Most of us are working on startups where it makes sense to leverage available
open-source toolkits to solve problems rather than buying prefab solutions.
But for larger and more established companies it has always been the case that
service and support costs are the primary driver of decisionmaking. Businesses
don't buy a box of bits labeled Oracle, they buy into the support structure
that trains Oracle consultants and DBAs, and that ensures that they will be
able to solve their data management problems using Oracle tools. To some
extent it doesn't matter whether the underlying software is or is not open
source, it matters whether the toolkit and the techniques that that software
represents can be used to solve problems effectively.

In situations where you need to be monkeying with the inner workings of your
infrastructure; open source is a clear win, likewise when you are strapped for
cash. But if you have cash on hand and a well supported solution that covers
your use case; a packaged solution from a vendor may be a better value.

------
rgp
The missing point in the article is the role that OS software has in the
Internet Companies. The greater economic impact is the savings and flexibility
that has companies to run on a OS platform.

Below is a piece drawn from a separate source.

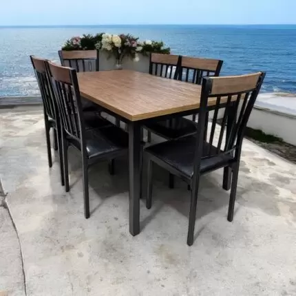 COMEDOR METAL TIPO MARMOL + 6 SILLAS METAL BAO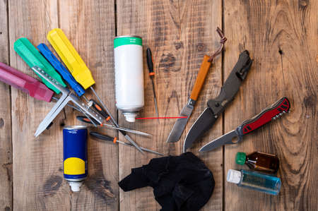A variety of tools and knives. Several sharpened knives. Sharpening and cleaning knives.

I would like to hear an estimation of how costly would be to run the Internet
with only proprietary software.

------
patio11
_“In the current economic context, all companies are looking for cost-
effective I.T. solutions, and systems based on open-source software are
increasingly emerging as viable alternatives to proprietary solutions,” said
the European Commission’s competition chief, Neelie Kroes, in a recent
statement. “The commission has to ensure that such alternatives would continue
to be available.”_

Well ma'am, I've got good news and bad news for you. The good news: MySQL will
continue to be available, regardless of what you do. The bad news: MySQL will
continue to be available regardless of what you do.

------
iworkforthem
@olefoo is right.. Open source is definitely a tactics! For startup inc, it is
a excellent to build a product to sell for profits.

The same is for Enterprise Software... it is also a tactics..

------
known
I agree and I think relevant Govt regulation can boost Open source software
sales.